Appending UTF-8 strings to DOMNode in PHP

45 views Asked by At

I have decided that in my particular project I want to deliver the CSS with the HTML using PHP. My CSS and HTML are collected from various UTF-8 files. The HTML encoding is preserved in the output, but the CSS encoding isn't. I'm getting non-ASCII characters escaped as &#nnnnn;. The odd thing is I can var_dump the CSS string without the &#nnnnn; escapes, but I cannot append it as a DOMText or DOMCDATASection without it escaping the text. I have tried various combinations of htmlentities(), html_entities_decode(), mb_convert_encoding(), mb_detect_encoding(), utf8_encode(), utf8_decode(), createTextNode(), createCDATASection(), but cannot accomplish this simple task. I don't care how the output is encoded (although UTF-8 would be best), so long as the characters in the CSS display as characters.
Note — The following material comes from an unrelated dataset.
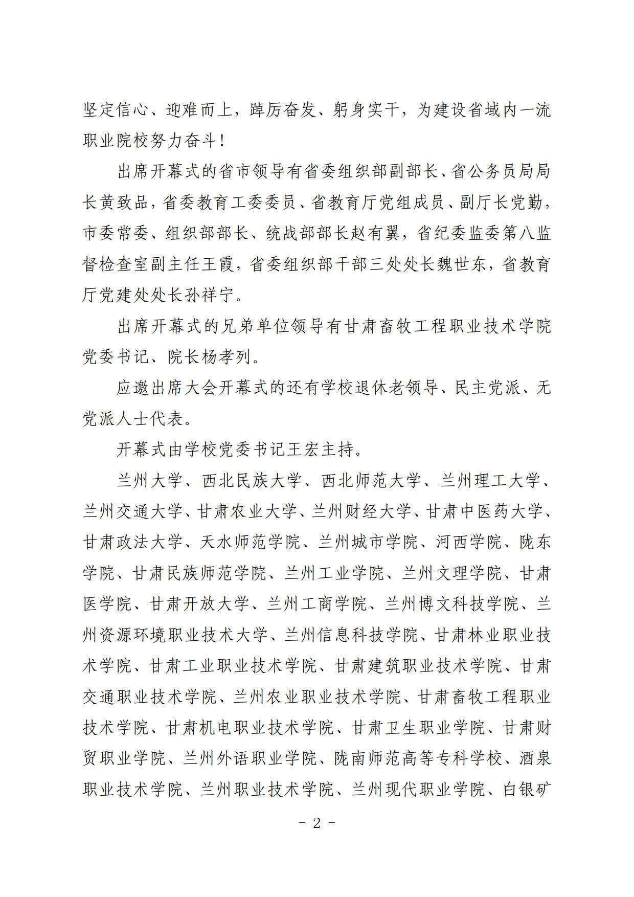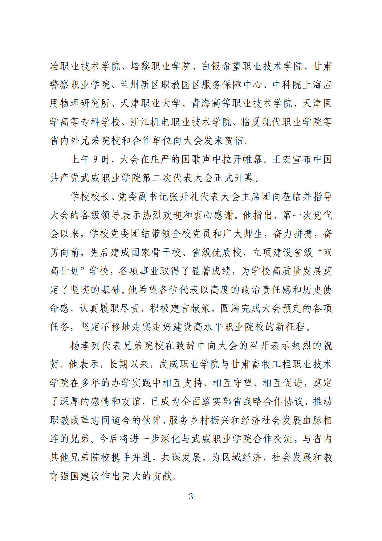 簡報(bào)第34期:中國共產(chǎn)黨武威職業(yè)學(xué)院第二次代表大會(huì)開幕

My original code was something like:

<?php
    $document = new DOMDocument();
    $document->loadHTMLFile("text.html");
    $document->formatOutput = true;
    $xPath = new DOMXpath($document);
    $head = $xPath->query("//html/head")[0];
    $styleElement = $document->createElement("style");
    $styleElement->setAttribute("type", "text/css");
    $styles = $document->createTextNode(file_get_contents("style.css"));
    $styleElement->appendChild($styles);
    $head->appendChild($styleElement);
    echo $document->saveHTML();
?>

HTML:

<!DOCTYPE html>
<html>
    <head>
        <meta charset="utf-8">
    </head>
    <body>
        <p>Put a ✧ before this.</p>
    </body>
</html>

CSS:

@charset "utf-8";

p::before {
    content: '✧';
}

Output:

<!DOCTYPE html>
<html>
    <head>
        <meta charset="utf-8">
        <style type="text/css">&#65279;p::before {
                content: '&#10023;';
            }
        </style>
    </head>
    <body>
        <p>Put a ✧ before this.</p>
    </body>
</html>

(Where the browser renders: Put a ✧ before this.)

Desired output:

<!DOCTYPE html>
<html>
    <head>
        <meta charset="utf-8">
        <style type="text/css">
            p::before {
                content: '✧';
            }
        </style>
    </head>
    <body>
        <p>Put a ✧ before this.</p>
    </body>
</html>

(Where the browser renders: ✧Put a ✧ before this.)

(I know there are easier methods of accomplishing the above example with echos etc., but using DOM and XPath makes sense in the broader context.)

0

There are 0 answers